Xavier started his career as a researcher in Experimental Physics and also focused on data processing. Further down the road, he took part in projects in finance, genomics and software development for academic research. During that time, he worked on timeseries, on prediction of biological molecular structures and interactions, and applied Machine Learning methodologies. He developed solutions to manage and process data distributed across data centres.
He now founded and works at Data Fellas, a company dedicated to distributed computing and advanced analytics, leveraging Scala, Spark and other distributed technologies like H2O for machine learning.
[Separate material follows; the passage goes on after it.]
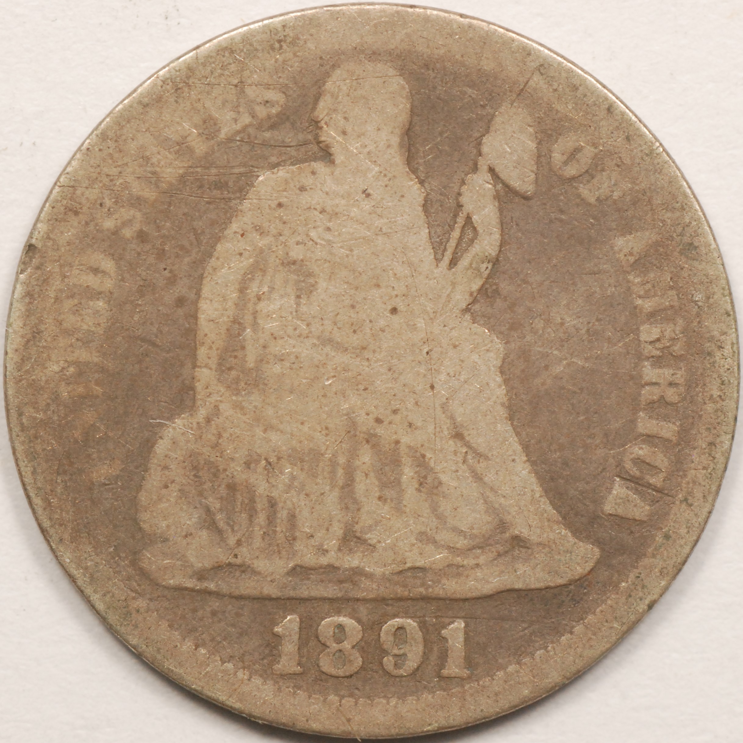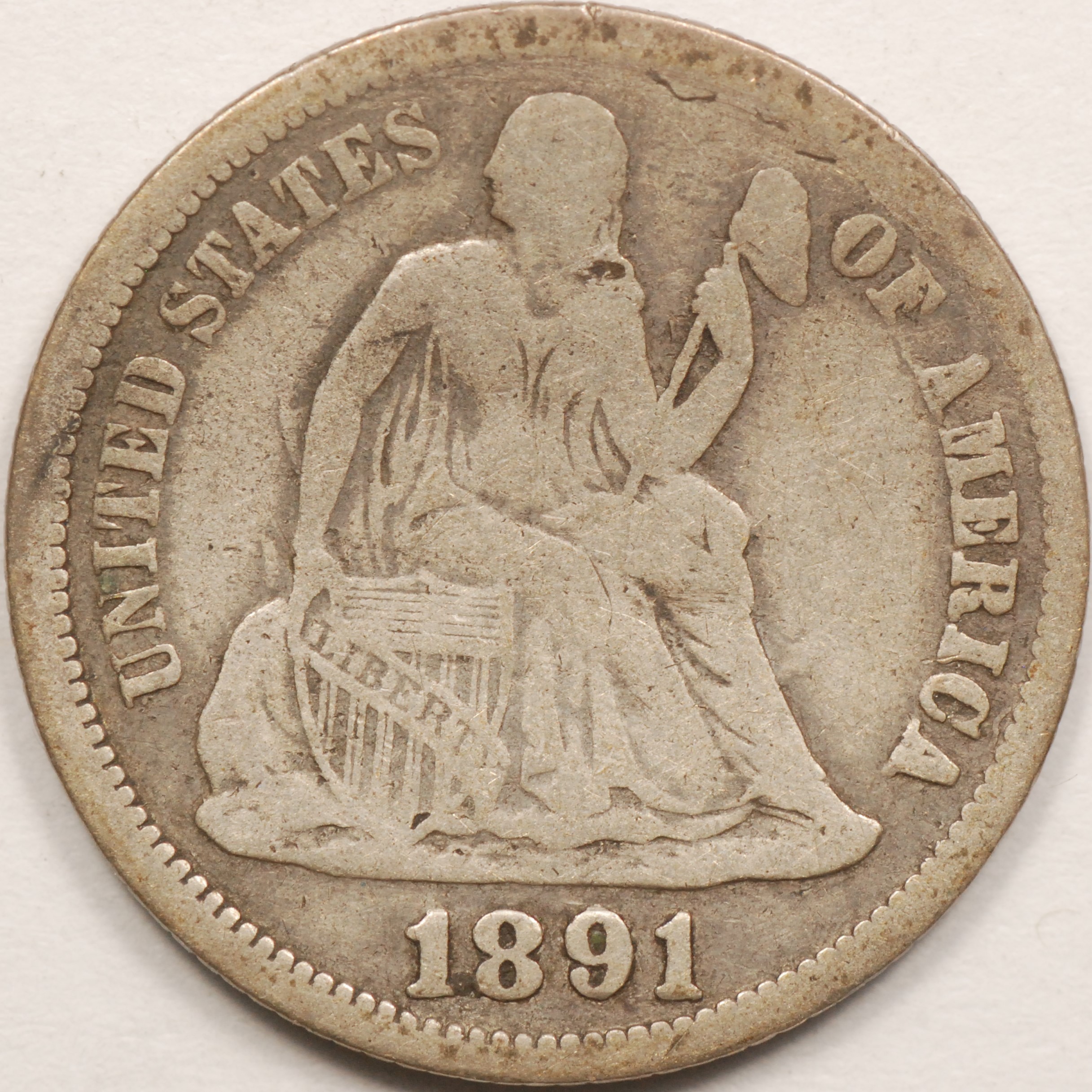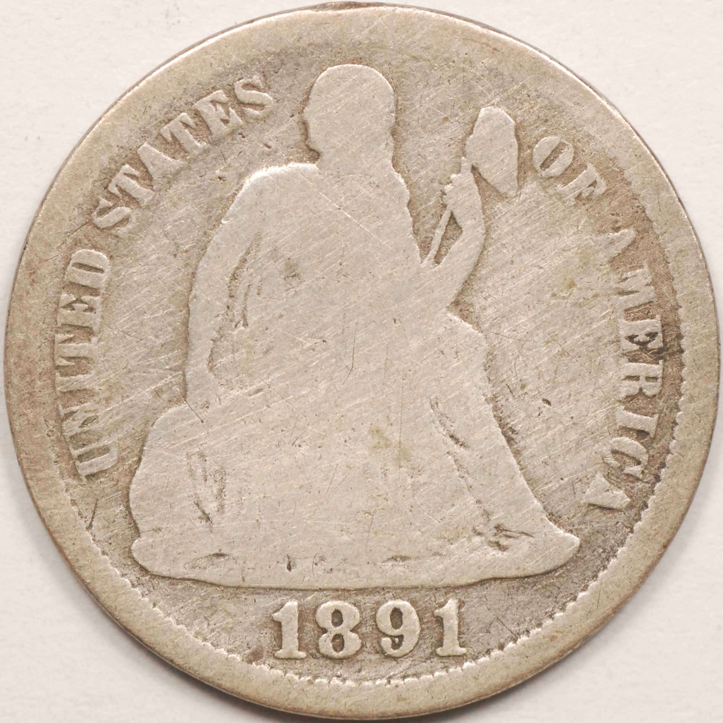 | 59797 R | 1891 | Seated Liberty Dime | Good | $15.00 | |||

Sparkling Water on the Spark Notebook: Interactive Genomes clustering
It’s a matter of fact that H2O provides advanced Machine Learning capabilities scaling with large datasets. Also, interoperating between H2O and generic large scale data manipulation frameworks like Apache Spark is of utmost importance to help Data Scientists bring the most efficiency on the table, this is where Sparkling Water is shining. The last stone of the edifice is then to work interactively on data from a single environment, allowing the data scientist to share his results and code. We present here the Spark Notebook working with Sparkling Water to bring the valuable H2O libraries to the Spark environment. We show a case of genomics data processing, leveraging Spark and its genomics library ADAM to efficiently access raw data with domain specific objects, data preparation is done with spark and deep learning from H2O is used to compute a model for population stratification within the set of genomes under investigation.